You are viewing a plain text version of this content. The canonical link for it is here.
Posted to solr-user@lucene.apache.org by Jihyun Suh <jh...@gmail.com> on 2012/06/06 03:25:45 UTC

Solr, I have perfomance problem for indexing.

I have 128 tables of mysql 5.x and each table have 3,5000 rows.
When I start dataimport(indexing) in Solr, it takes 5 minutes for one
table.
But When Solr indexs 20th table, it takes around 10 minutes for one table.
And then When it indexs 40th table, it takes around 20 minutes for one
table.

Solr has some performance problem for too many documents?
Should I set some configuration?

Re: Solr, I have perfomance problem for indexing.

Posted by Lance Norskog <go...@gmail.com>.
Which Solr do you run?

On Tue, Jun 5, 2012 at 8:02 PM, Jack Krupansky <ja...@basetechnology.com> wrote:
> You wrote "3,5000", but is that 35 hundred (3,500) or 35 thousand (35,000)??
>
> Your numbers seem far worse than what many people typically see with Solr
> and DIH.
>
> Is the database running on the same machine?
>
> Check the Solr log file to see if some errors (or warnings) might be
> occurring frequently.
>
> Check the log for the first table from when it starts to when it ends. How
> often is it committing (according to the log)? Does there seem to be any odd
> activity during that period?
>
> -- Jack Krupansky
>
> -----Original Message----- From: Jihyun Suh
> Sent: Tuesday, June 05, 2012 9:25 PM
> To: solr-user-help@lucene.apache.org ; solr-user@lucene.apache.org
> Subject: Solr, I have perfomance problem for indexing.
>
>
> I have 128 tables of mysql 5.x and each table have 3,5000 rows.
> When I start dataimport(indexing) in Solr, it takes 5 minutes for one
> table.
> But When Solr indexs 20th table, it takes around 10 minutes for one table.
> And then When it indexs 40th table, it takes around 20 minutes for one
> table.
>
> Solr has some performance problem for too many documents?
> Should I set some configuration?



-- 
Lance Norskog
goksron@gmail.com

Re: Solr, I have perfomance problem for indexing.

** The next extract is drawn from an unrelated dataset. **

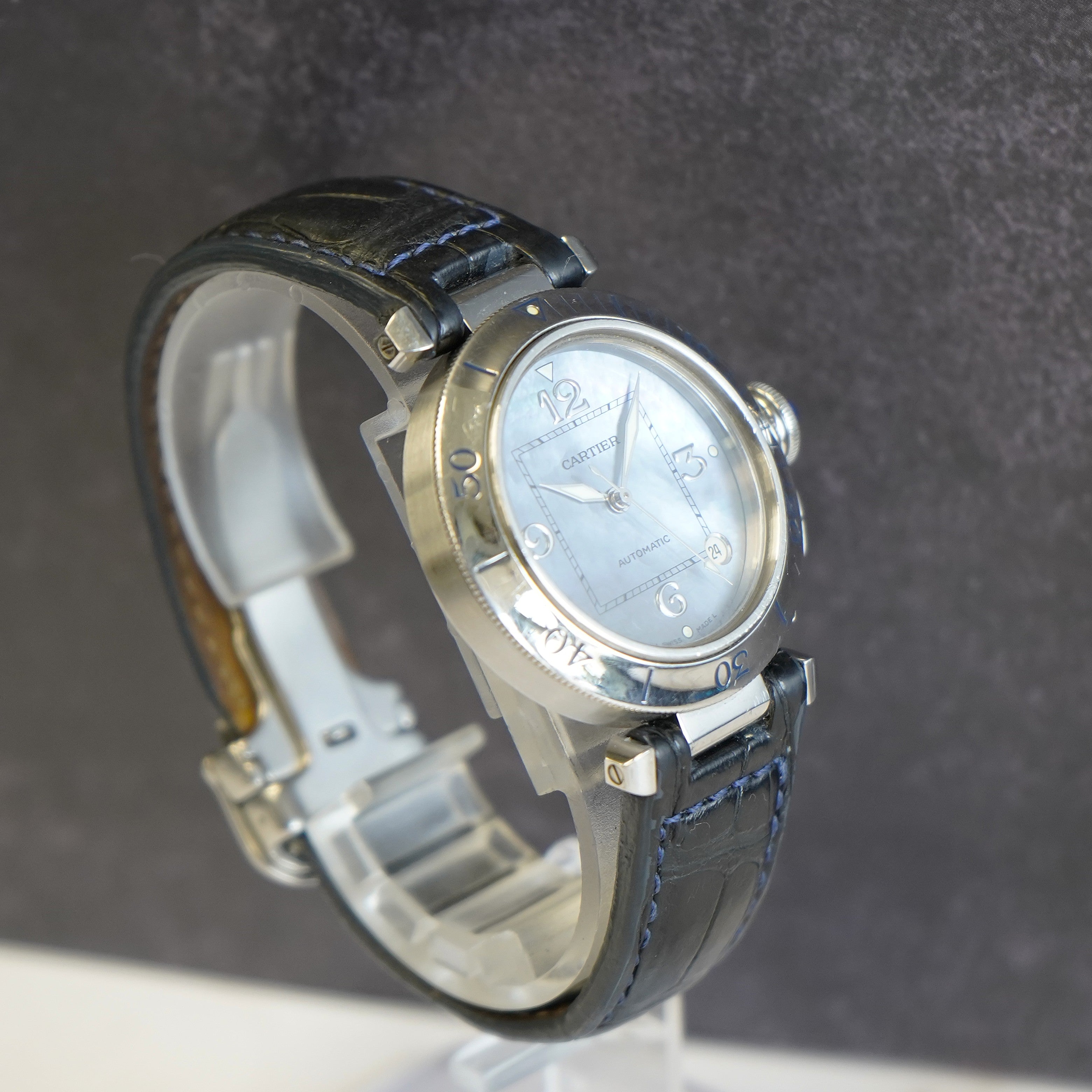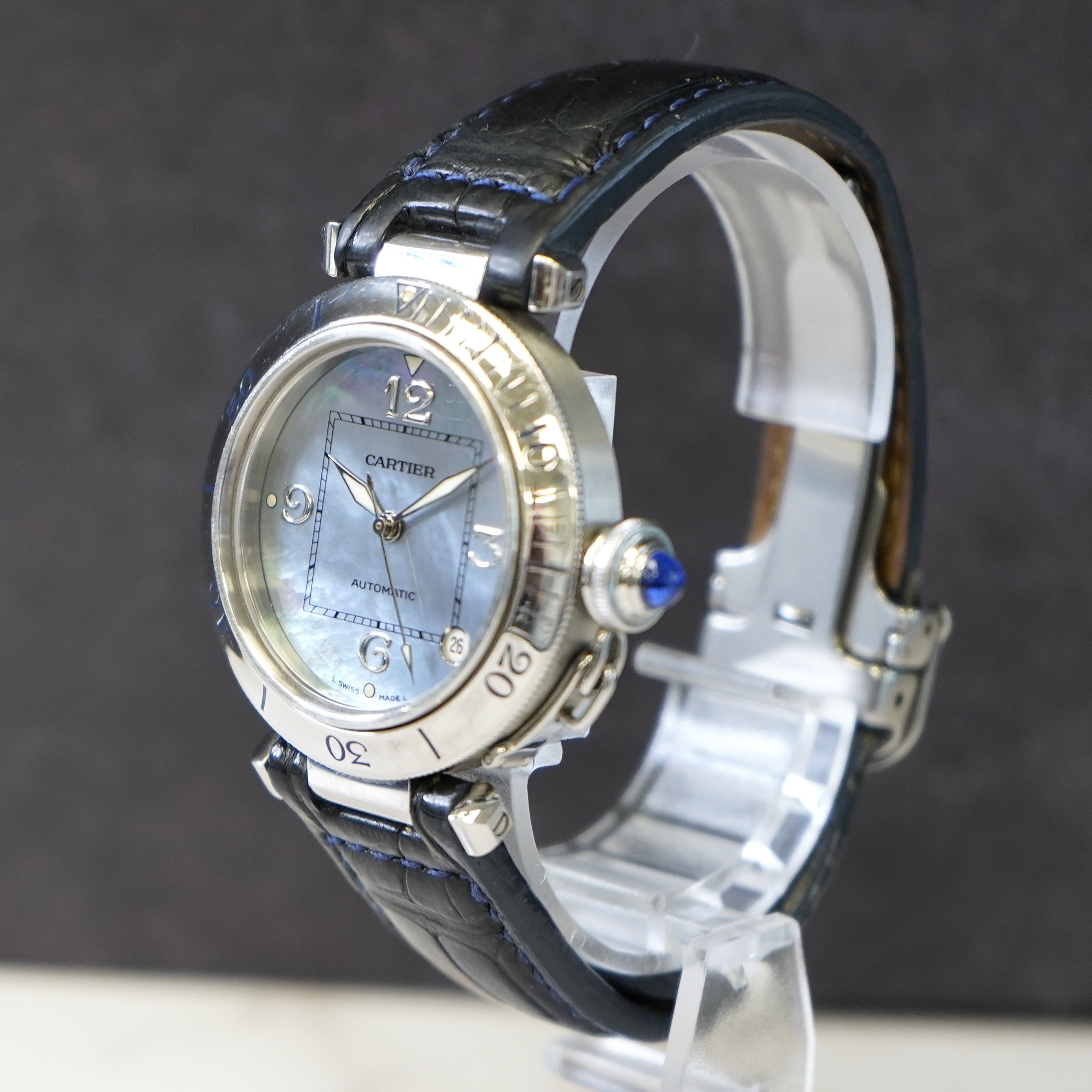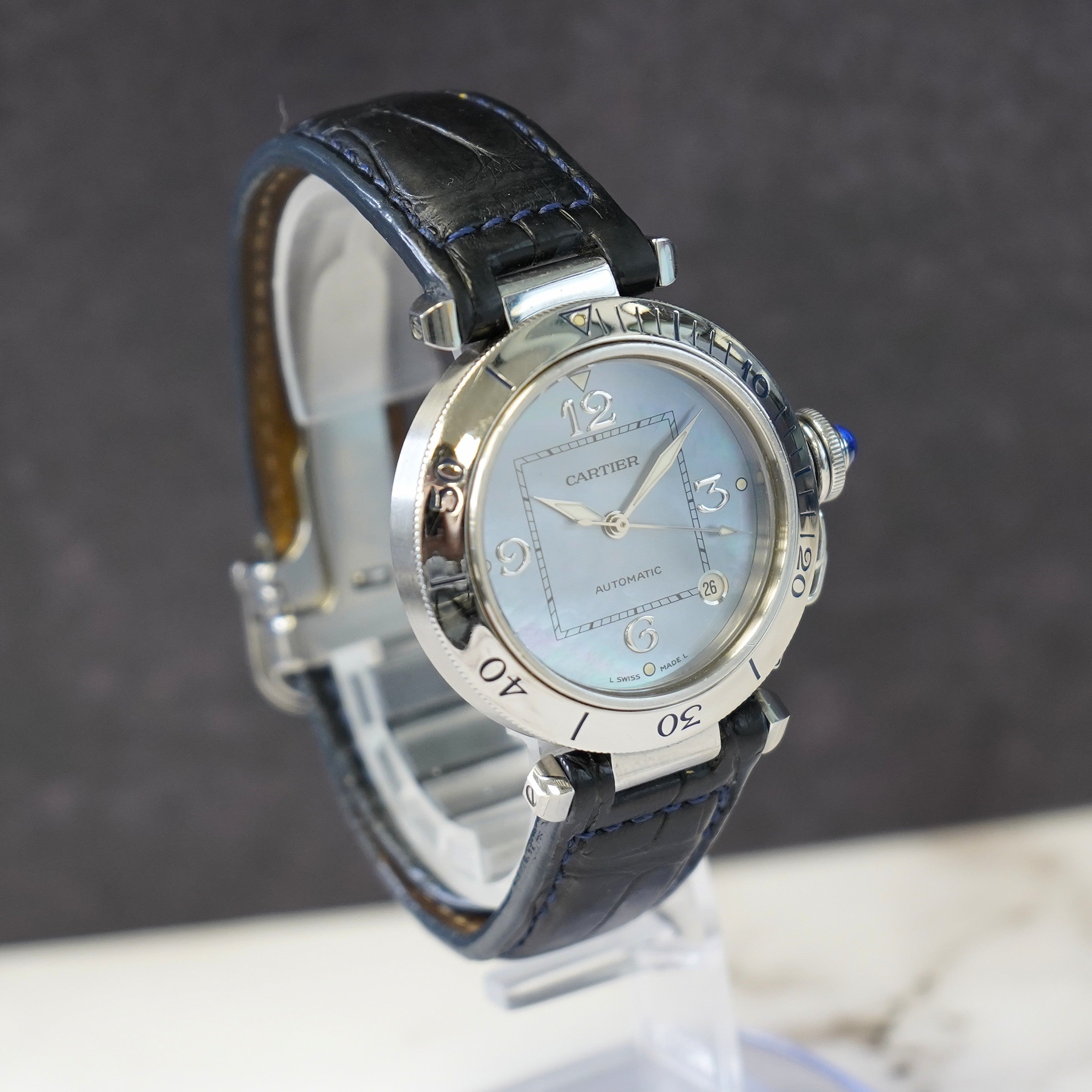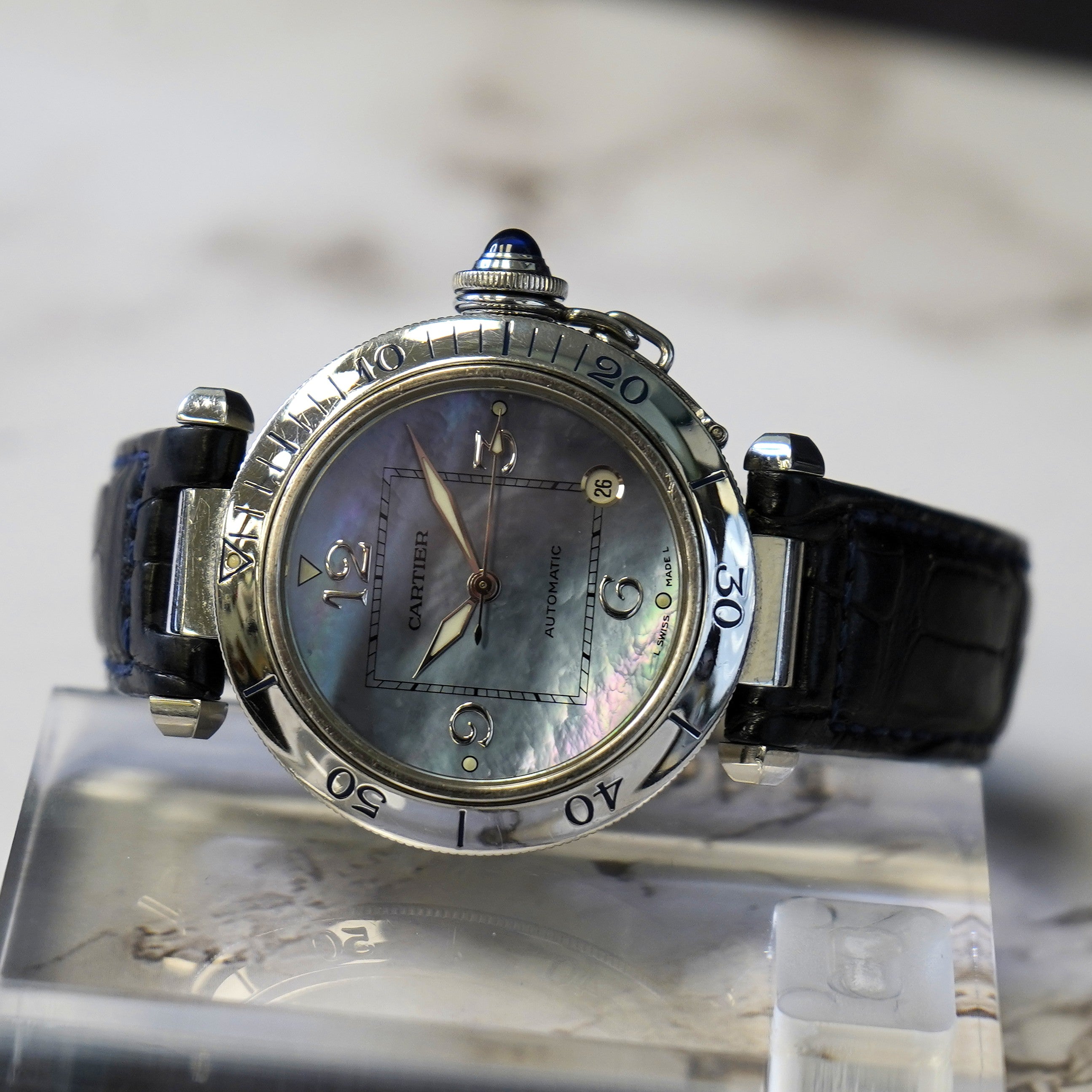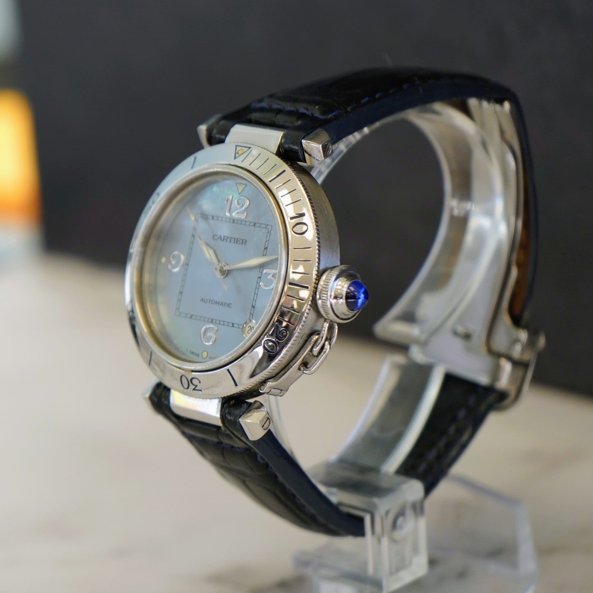We are proud to present this elegant vintage timepiece, a Cartier Pasha automatic wristwatch, reference 1030 1, featuring a rare and refined blue mother-of-pearl dial.
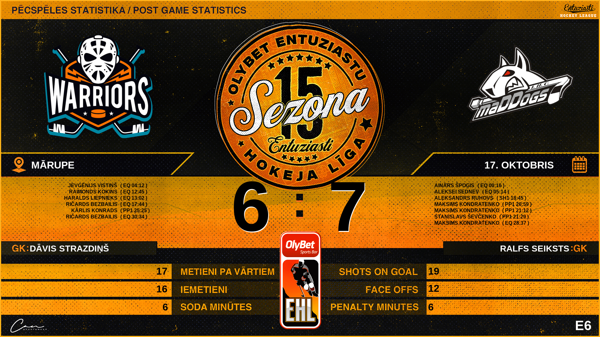| 04:12 | WRS | Vārti (EQ) | #66 Jevgēnijs Vistiņš, piespēles: #13 Ričards Bezbailis, #9 Edgars Zeidlers |

Posted by Jack Krupansky <ja...@basetechnology.com>.
You wrote "3,5000", but is that 35 hundred (3,500) or 35 thousand (35,000)??

Your numbers seem far worse than what many people typically see with Solr 
and DIH.

Is the database running on the same machine?

Check the Solr log file to see if some errors (or warnings) might be 
occurring frequently.

Check the log for the first table from when it starts to when it ends. How 
often is it committing (according to the log)? Does there seem to be any odd 
activity during that period?

-- Jack Krupansky

-----Original Message----- 
From: Jihyun Suh
Sent: Tuesday, June 05, 2012 9:25 PM
To: solr-user-help@lucene.apache.org ; solr-user@lucene.apache.org
Subject: Solr, I have perfomance problem for indexing.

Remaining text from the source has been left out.